▸ **WORK TASK**: Only the lines below starting at the one containing "Patul Max 4" and ending at the one containing "Well maintained Garrison" belong in the answer, each copied exactly.

▸ **SUPPLIED MATERIAL**:
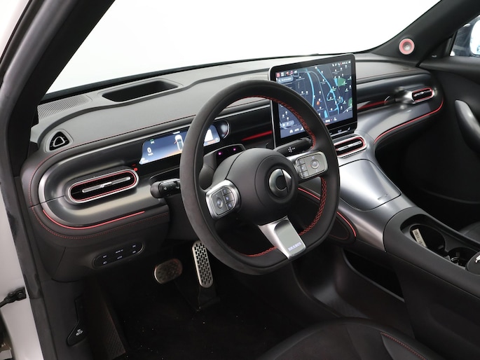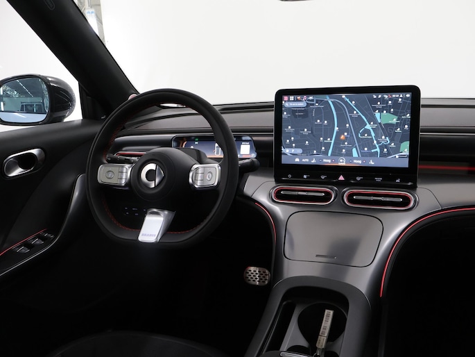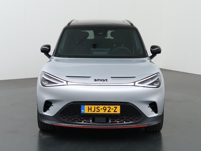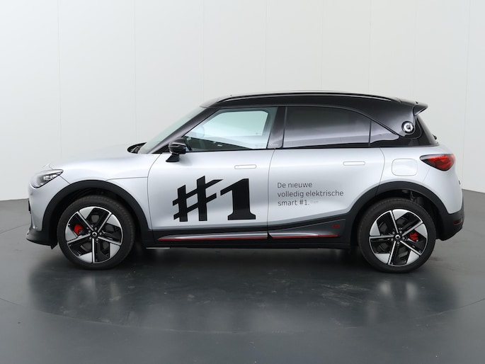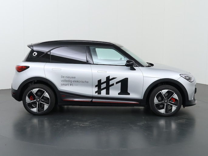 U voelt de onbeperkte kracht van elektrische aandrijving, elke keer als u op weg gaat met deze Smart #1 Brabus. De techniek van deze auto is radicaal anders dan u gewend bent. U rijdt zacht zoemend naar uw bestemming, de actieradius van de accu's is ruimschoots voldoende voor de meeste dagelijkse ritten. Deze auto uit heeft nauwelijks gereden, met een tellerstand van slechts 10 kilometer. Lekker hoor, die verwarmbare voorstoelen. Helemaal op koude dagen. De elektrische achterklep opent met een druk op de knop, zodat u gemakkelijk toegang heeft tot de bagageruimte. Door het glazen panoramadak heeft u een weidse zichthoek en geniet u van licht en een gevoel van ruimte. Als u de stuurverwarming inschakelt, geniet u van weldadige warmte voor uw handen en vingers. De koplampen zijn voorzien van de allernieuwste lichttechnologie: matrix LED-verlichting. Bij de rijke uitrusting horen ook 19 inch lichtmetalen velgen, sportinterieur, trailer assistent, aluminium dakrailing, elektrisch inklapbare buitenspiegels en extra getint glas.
...
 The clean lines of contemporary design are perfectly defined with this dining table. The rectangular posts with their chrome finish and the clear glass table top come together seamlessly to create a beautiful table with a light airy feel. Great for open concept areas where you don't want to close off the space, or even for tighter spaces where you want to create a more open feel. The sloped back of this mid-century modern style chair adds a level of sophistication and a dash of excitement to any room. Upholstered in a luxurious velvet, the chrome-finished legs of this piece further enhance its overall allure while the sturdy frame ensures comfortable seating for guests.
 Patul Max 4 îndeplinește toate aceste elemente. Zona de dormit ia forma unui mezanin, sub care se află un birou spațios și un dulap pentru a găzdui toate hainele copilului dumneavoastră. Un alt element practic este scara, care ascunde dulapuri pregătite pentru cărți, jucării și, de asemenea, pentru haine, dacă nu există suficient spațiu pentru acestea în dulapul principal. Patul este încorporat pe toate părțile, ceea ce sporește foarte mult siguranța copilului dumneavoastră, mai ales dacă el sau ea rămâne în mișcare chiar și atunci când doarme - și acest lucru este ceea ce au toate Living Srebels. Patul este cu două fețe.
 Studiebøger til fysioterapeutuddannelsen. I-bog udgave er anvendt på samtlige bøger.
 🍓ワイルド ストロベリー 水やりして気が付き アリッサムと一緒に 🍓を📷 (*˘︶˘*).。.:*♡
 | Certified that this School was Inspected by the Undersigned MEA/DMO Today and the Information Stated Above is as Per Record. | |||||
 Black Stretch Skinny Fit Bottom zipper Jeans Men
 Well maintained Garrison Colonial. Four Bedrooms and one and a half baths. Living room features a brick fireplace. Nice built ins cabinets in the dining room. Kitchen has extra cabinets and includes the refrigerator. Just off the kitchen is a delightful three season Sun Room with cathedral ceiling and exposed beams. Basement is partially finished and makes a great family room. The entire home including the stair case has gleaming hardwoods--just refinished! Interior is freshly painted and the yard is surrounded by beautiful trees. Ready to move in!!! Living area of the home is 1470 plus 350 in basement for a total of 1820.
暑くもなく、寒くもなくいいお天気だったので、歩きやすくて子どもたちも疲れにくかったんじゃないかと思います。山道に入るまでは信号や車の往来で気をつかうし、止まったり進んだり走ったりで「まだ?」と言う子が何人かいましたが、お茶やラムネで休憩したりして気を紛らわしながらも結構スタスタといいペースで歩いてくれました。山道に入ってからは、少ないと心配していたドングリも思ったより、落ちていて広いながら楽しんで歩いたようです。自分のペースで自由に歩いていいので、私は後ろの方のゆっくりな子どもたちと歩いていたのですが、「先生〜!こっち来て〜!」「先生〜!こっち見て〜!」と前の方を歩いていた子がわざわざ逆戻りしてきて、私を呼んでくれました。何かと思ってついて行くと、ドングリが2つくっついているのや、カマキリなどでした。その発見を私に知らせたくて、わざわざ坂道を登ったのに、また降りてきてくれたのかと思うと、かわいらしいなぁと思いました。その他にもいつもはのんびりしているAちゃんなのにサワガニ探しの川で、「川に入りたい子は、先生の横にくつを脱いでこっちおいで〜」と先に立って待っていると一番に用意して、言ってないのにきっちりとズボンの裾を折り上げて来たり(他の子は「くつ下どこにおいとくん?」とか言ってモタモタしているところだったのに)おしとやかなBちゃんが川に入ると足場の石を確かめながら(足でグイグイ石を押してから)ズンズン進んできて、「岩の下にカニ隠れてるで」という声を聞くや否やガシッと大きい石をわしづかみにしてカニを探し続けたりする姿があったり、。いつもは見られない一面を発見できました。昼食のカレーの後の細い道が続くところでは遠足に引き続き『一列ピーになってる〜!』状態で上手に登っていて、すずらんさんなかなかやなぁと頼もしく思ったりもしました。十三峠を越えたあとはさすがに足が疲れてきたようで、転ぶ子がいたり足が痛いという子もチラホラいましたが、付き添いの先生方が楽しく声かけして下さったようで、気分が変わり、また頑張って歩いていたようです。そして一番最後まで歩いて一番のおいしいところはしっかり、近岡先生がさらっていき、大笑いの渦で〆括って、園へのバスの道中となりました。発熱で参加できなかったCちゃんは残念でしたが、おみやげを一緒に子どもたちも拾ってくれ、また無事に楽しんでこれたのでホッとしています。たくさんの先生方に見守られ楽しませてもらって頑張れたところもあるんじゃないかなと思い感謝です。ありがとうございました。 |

▸ **EXERCISE SOLUTION**:
 Patul Max 4 îndeplinește toate aceste elemente. Zona de dormit ia forma unui mezanin, sub care se află un birou spațios și un dulap pentru a găzdui toate hainele copilului dumneavoastră. Un alt element practic este scara, care ascunde dulapuri pregătite pentru cărți, jucării și, de asemenea, pentru haine, dacă nu există suficient spațiu pentru acestea în dulapul principal. Patul este încorporat pe toate părțile, ceea ce sporește foarte mult siguranța copilului dumneavoastră, mai ales dacă el sau ea rămâne în mișcare chiar și atunci când doarme - și acest lucru este ceea ce au toate Living Srebels. Patul este cu două fețe.
 Studiebøger til fysioterapeutuddannelsen. I-bog udgave er anvendt på samtlige bøger.
 🍓ワイルド ストロベリー 水やりして気が付き アリッサムと一緒に 🍓を📷 (*˘︶˘*).。.:*♡
 | Certified that this School was Inspected by the Undersigned MEA/DMO Today and the Information Stated Above is as Per Record. | |||||
 Black Stretch Skinny Fit Bottom zipper Jeans Men
 Well maintained Garrison Colonial. Four Bedrooms and one and a half baths. Living room features a brick fireplace. Nice built ins cabinets in the dining room. Kitchen has extra cabinets and includes the refrigerator. Just off the kitchen is a delightful three season Sun Room with cathedral ceiling and exposed beams. Basement is partially finished and makes a great family room. The entire home including the stair case has gleaming hardwoods--just refinished! Interior is freshly painted and the yard is surrounded by beautiful trees. Ready to move in!!! Living area of the home is 1470 plus 350 in basement for a total of 1820.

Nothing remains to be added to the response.